Perco-me e não há fim.."

Histórias de Fim de Tarde: Café com Bolacha

“Abro a porta da frente. Uma brisa suave e gélida bate em meu rosto,faz meu corpo estremecer. Ao redor, apenas mato e cavalos no pasto. Respiro fundo tentando captar toda a essência da mãe natureza. Agradeço por ter os olhos abertos por mais um dia. Ao longe o sol se põe, e a chaleira apita num repente como que me acordasse de um sonho intenso. Corro até a cozinha, o som das minhas chinelas arrastando no chão, ecoando pela sala que atravesso. É bem solitária minha vida, mas há uma paz nessa solidão que faz minha tristeza ser mais do que tristes canções. Sou feliz com a minha casinha de campo, minhas galinhas, minhas verduras. Que sensação agradável. O cheiro do café invade a casa, aquece mais que cobertor. Dirijo-me à varanda e sento na velha cadeira de balanço que dá vista para o lago. Pensamentos nostálgicos me invadem e um sorriso leve, quase um suspiro, transparece em meus lábios. Eu era jovem. Minha pele era outra. Meus sonhos permaneceram os mesmos. Tantos erros cometi. Os caminhos mudaram, o destino talvez tivesse sido o mesmo. Tomo um gole do meu café e como algumas bolachas de sal e água. Meus cigarros não me levaram a nada, apenas atenuaram a dor e a insatisfação. A vida era estressante, minha saúde nunca foi a mesma. Uma lágrima escorre. Surpreendo-me. Não tive filhos nem marido. Atirei-me em muitos poços e levantei de todos. Estou velha. Meu amor por ele, sempre o mesmo. Meus lábios logo perderão a cor, meu corpo não mais será quente. Secarei. Poderia ele ter visto isso um dia acontecendo, tão cedo? Poderia ele ter pensado nessa vida calma no fim de tudo? Um sopro passa por meus ouvidos. É Ela. Veio me buscar. Respiro o ar puro mais uma vez, tomo o resto do meu café. Estou pronta, depois de ter vivido amedrontada. Sou sábia de todas as coisas, nada mais tenho que fazer aqui. Fecho os olhos com ternura, chamo-a. Uma certa leveza. A tempestade me carrega e num repente se amansa. Cheiros de perfumes me envolvem. Encantam-me. E no fim, um abraço doce e afável como se tivesse o mundo inteiro em si. Meu corpo relaxa, adormece na cadeira. Nada vi, apenas senti. Tudo foi essência, que me transportou para algum lugar além de mim. Algum lugar aonde corpos não existem, apenas a consciência. Sei que apenas uma coisa desejei. Encontrar ele de novo.”
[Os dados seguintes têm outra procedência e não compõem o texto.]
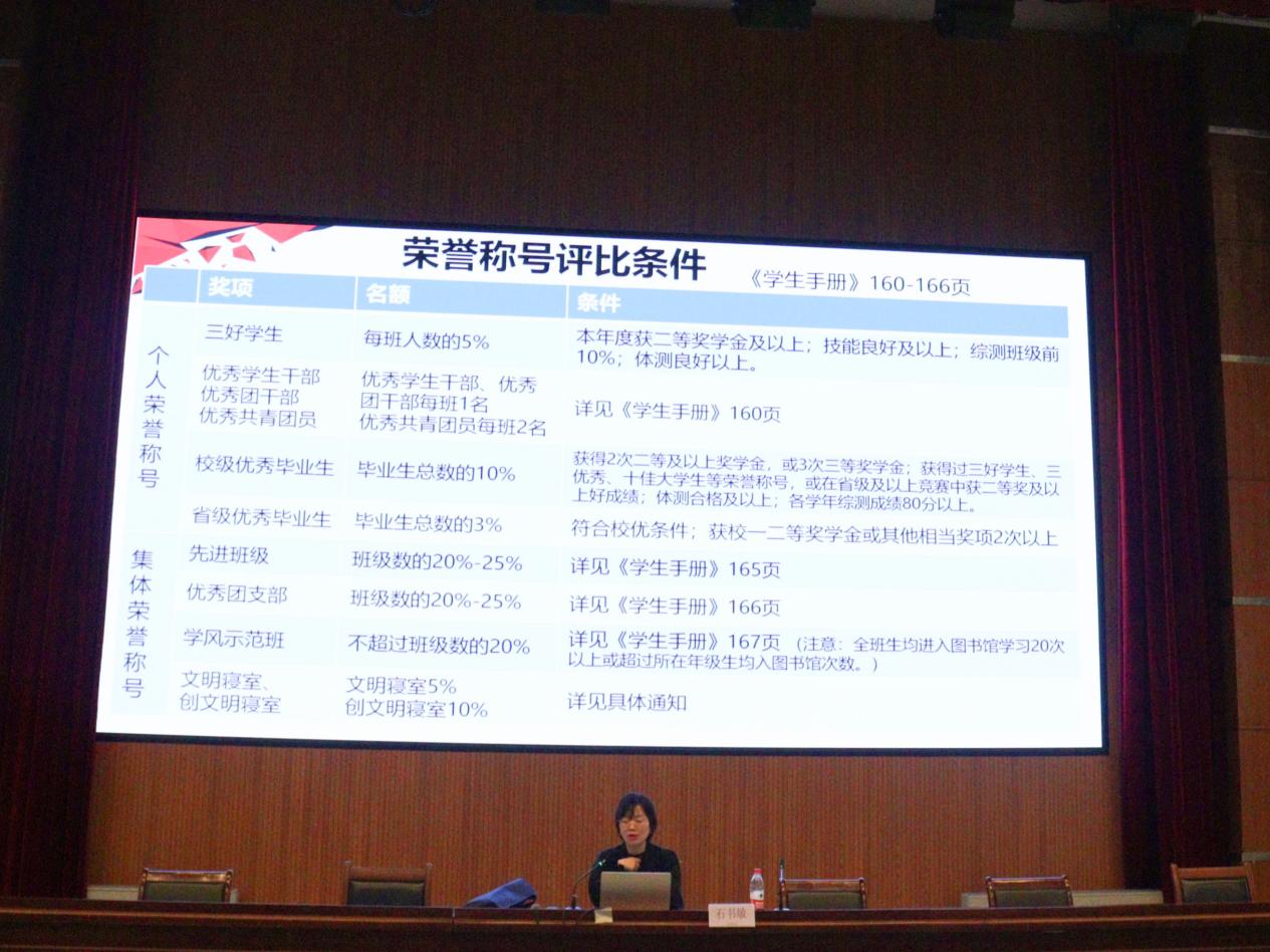 最后,石书敏老师再次强调了申请各类奖学金和荣誉称号的基本条件:一、具有我院正式学籍的全日制学生;二、热爱祖国拥护中国共产党的领导和改革开放政策;三、热爱所学专业,学习勤奋,严谨求实,用于进取,成绩良好;四、诚实守信,严于律己,尊敬师长,团结同学,关心集体,遵纪守法,热爱劳动,勤俭节约;五、积极参加体育锻炼,身体健康;六、在籍学生学满一年者,且获得专业要求职业资格证书。
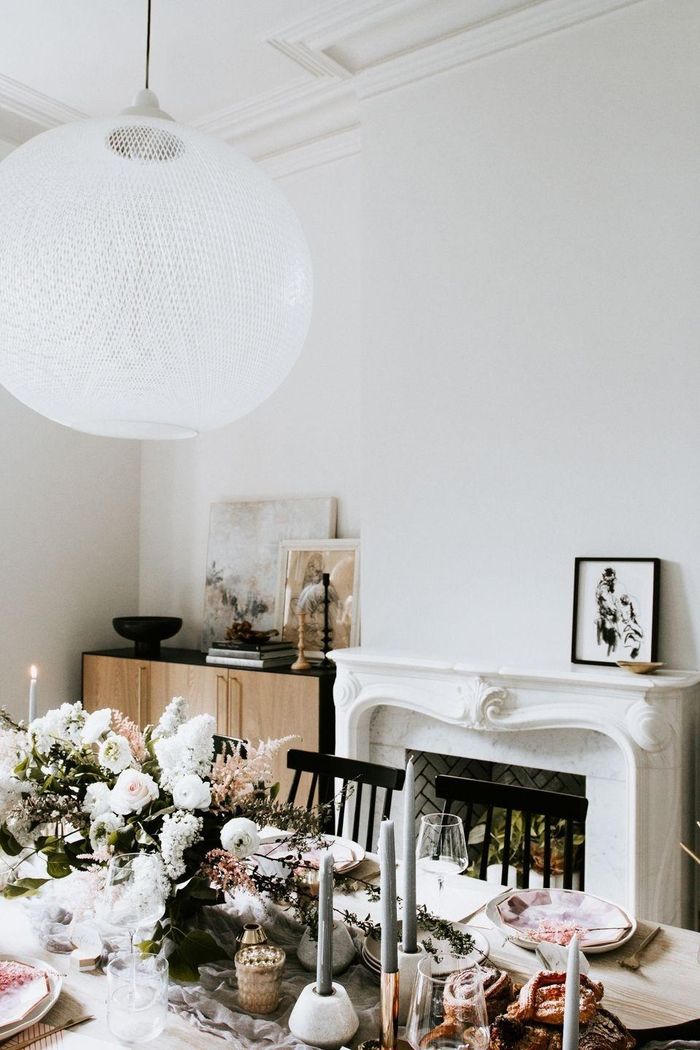 Ngoài màu đỏ rực rỡ, bạn có thể trang trí bàn ăn với một bảng màu nhạt, nhẹ nhàng.

Histórias da Madrugada: Algo Me Chama

"Mais uma xícara de chá para a minha ansiedade, se eu tivesse paciência para isso. Opto seguidamente por xícaras de café e muitos cigarros. Papai certamente ficaria preocupado se soubesse como tenho destruído a mim mesma nos últimos tempos. A verdade é que tudo foi escolha minha, mesmo esse cúbiculo mofado e cheio de vizinhos insuportáveis. É o próprio inferno. Reviso muitas vezes o que falar na entrevista de emprego tão esperada. Finalmente vou trabalhar como professora de francês. Já sei o esperar se conseguir a vaga, apenas não sei o que esperar de mim se isso realmente acontecer. Amasso o toco de mais um cigarro. Quase quatro da matina e o sono não vem; que estrago, é um desgaste para minha pele mas já virou quase rotina. O celular ressoa no silêncio da kitinete. Atendo. É ele. Como a extensão da minha própria consciência. Acordo suada. Olho para os lados e me vejo sozinha. Foi apenas um sonho."